Мне смутно припомнился бесцветный мальчик в отглаженных фланелевых брюках и твидовой куртке. У него неестественно прямая осанка и холодные серо-зелёные глаза в обрамлении длинных ресниц. Я кивнула.
— Я завещала ему всё своё состояние, — говорит Арманда. — Полмиллиона франков. Он их получит, когда ему исполнится восемнадцать лет; до тех пор деньги будут находиться в доверительной собственности. — Она пожала плечами и добавила отрывисто: — Мы с ним не видимся. Каро не разрешает.
Теперь я вспомнила, что видела их вместе: они шли в церковь, мальчик поддерживал мать за руку. Он единственный из всех детей в Ланскне никогда не покупает шоколад в «Миндале», хотя, мне кажется, я пару раз замечала, что он смотрел на мою витрину.
— Последний раз он навещал меня, когда ему было десять лет. — Голос у Арманды непривычно блеклый. — По его меркам, лет сто назад. — Она допила шоколад и со стуком поставила бокал на прилавок. — Насколько я помню, это был день его рождения. Я подарила ему томик стихов Рембо. Он держался со мной очень… вежливо. — В её тоне сквозит горечь. — Конечно, с тех пор я встречала его несколько раз на улице. Да я и не жалуюсь.

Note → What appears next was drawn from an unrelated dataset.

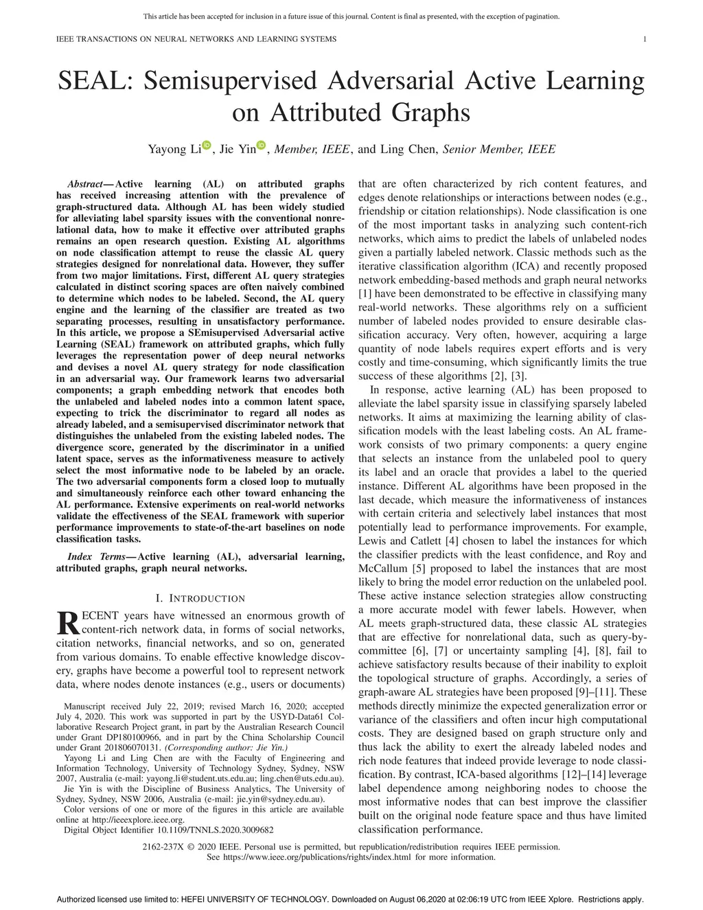SEAL: Semi-supervised Adversarial Active Learning on Attributed Graphs

— А почему вы сами к ним не зайдёте? — с любопытством спросила я. — Пошли бы с ним погуляли, поговорили, узнали его лучше.
Арманда покачала головой.
— Мы с Каро не общаемся. — В её голосе неожиданно зазвучали брюзгливые нотки. Без улыбки, так молодившей её, она вдруг показалась мне невообразимо старой, дряхлой. — Она меня стыдится. Одному богу известно, что она говорит обо мне мальчику. — Арманда тряхнула головой. — Нет. Теперь уже слишком поздно. Я это вижу по его лицу. Он весь такой учтивый. Присылает мне на Рождество вежливые бессодержательные открытки. На редкость воспитанный мальчик. — Она невесело рассмеялась. — Вежливый, воспитанный мальчик.
Она глянула на меня с дерзкой лучезарной улыбкой.
— Если бы знать, чем он занимается, — продолжала она, — что читает, за какую команду болеет, кто его друзья, как он учится в школе. Если бы знать всё это… Можно было бы убедить себя… — Я вижу, что она вот-вот расплачется. Последовала короткая пауза, пока она боролась со слезами. — А знаешь, пожалуй, я не отказалась бы ещё отведать твоего фирменного шоколада. Нальёшь?
Она храбрилась, но её бравада вызывала искреннее восхищение. Будучи, по сути, несчастной женщиной, она с успехом играла роль мятежницы. Вот и сейчас, отхлёбывая из бокала, положила локти на прилавок с неким подобием щёгольства.
— Прямо-таки Содом и Гоморра через соломинку. Мммм. Такое ощущение, будто я умерла и вознеслась на небеса. Во всяком случае, рай где-то рядом.
— Я могла бы узнать что-нибудь о Люке, если хотите. И передать вам.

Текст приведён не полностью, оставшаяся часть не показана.